* Task directions: Transcribe, starting at the line with "ماگ درب دار" and ending at the line with "अमेरिकी राष्ट्रपति बाइडेन", every line of the material below exactly, but leave out the pictures and anything outside that span.

* Data provided:
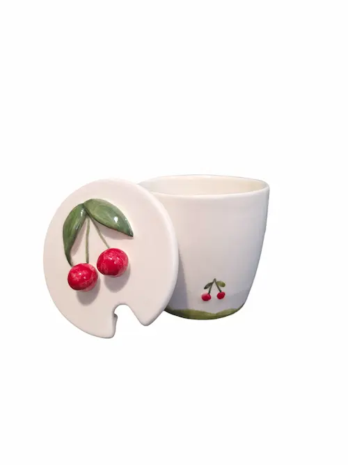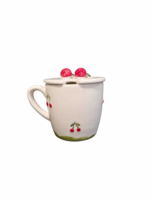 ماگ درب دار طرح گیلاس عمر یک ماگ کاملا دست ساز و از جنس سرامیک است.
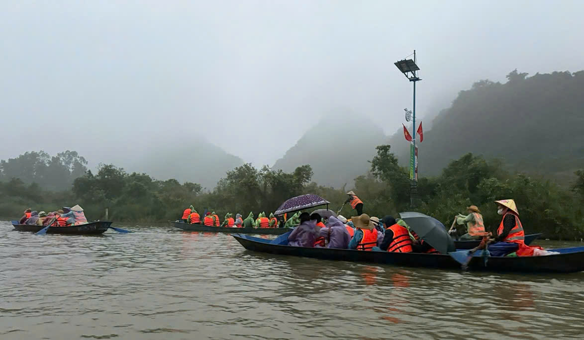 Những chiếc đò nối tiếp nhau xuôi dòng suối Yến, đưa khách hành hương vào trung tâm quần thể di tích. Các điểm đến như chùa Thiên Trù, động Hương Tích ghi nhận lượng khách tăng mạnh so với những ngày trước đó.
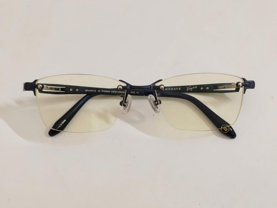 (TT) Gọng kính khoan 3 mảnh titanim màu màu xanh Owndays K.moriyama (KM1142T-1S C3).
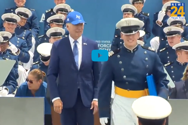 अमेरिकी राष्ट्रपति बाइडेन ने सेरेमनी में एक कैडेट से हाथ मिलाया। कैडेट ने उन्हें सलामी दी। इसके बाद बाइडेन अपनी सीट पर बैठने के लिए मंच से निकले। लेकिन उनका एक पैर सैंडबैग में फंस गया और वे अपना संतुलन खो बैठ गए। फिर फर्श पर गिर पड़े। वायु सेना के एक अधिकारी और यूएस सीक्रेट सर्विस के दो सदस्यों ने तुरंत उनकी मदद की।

==

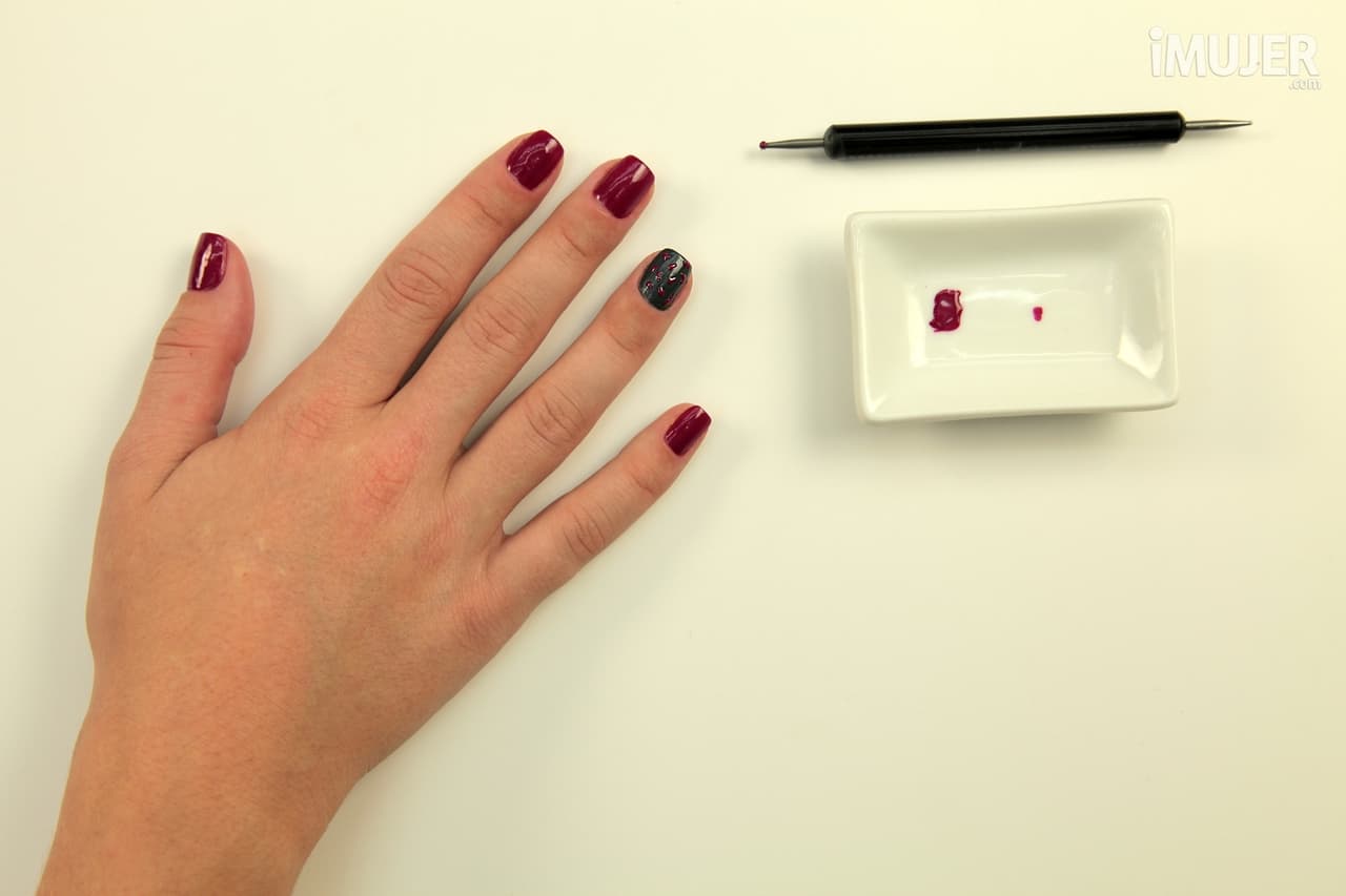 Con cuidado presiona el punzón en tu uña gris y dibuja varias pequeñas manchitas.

==

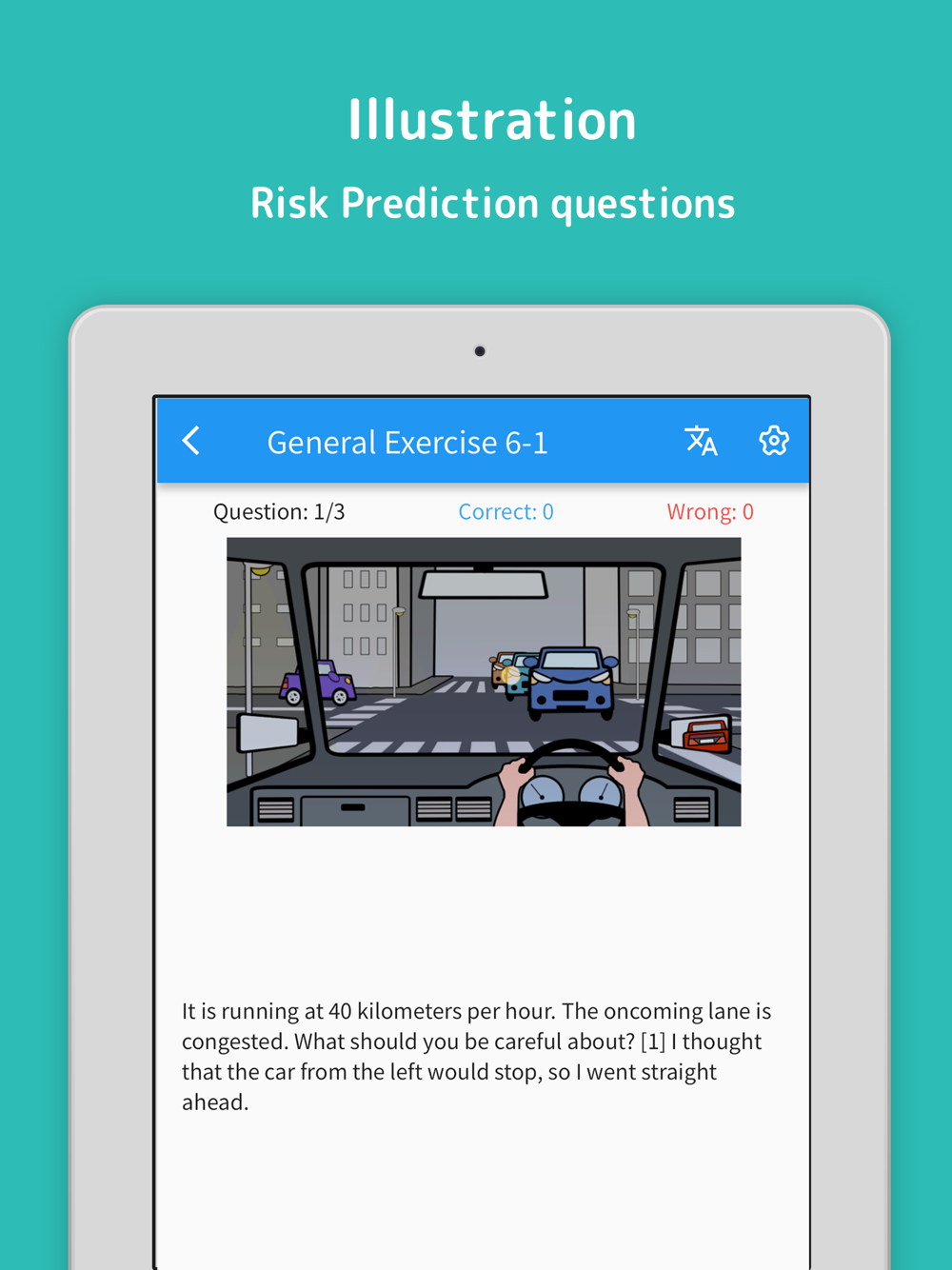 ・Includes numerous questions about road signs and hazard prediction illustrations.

* Response:
 ماگ درب دار طرح گیلاس عمر یک ماگ کاملا دست ساز و از جنس سرامیک است.
 Những chiếc đò nối tiếp nhau xuôi dòng suối Yến, đưa khách hành hương vào trung tâm quần thể di tích. Các điểm đến như chùa Thiên Trù, động Hương Tích ghi nhận lượng khách tăng mạnh so với những ngày trước đó.
 (TT) Gọng kính khoan 3 mảnh titanim màu màu xanh Owndays K.moriyama (KM1142T-1S C3).
 अमेरिकी राष्ट्रपति बाइडेन ने सेरेमनी में एक कैडेट से हाथ मिलाया। कैडेट ने उन्हें सलामी दी। इसके बाद बाइडेन अपनी सीट पर बैठने के लिए मंच से निकले। लेकिन उनका एक पैर सैंडबैग में फंस गया और वे अपना संतुलन खो बैठ गए। फिर फर्श पर गिर पड़े। वायु सेना के एक अधिकारी और यूएस सीक्रेट सर्विस के दो सदस्यों ने तुरंत उनकी मदद की।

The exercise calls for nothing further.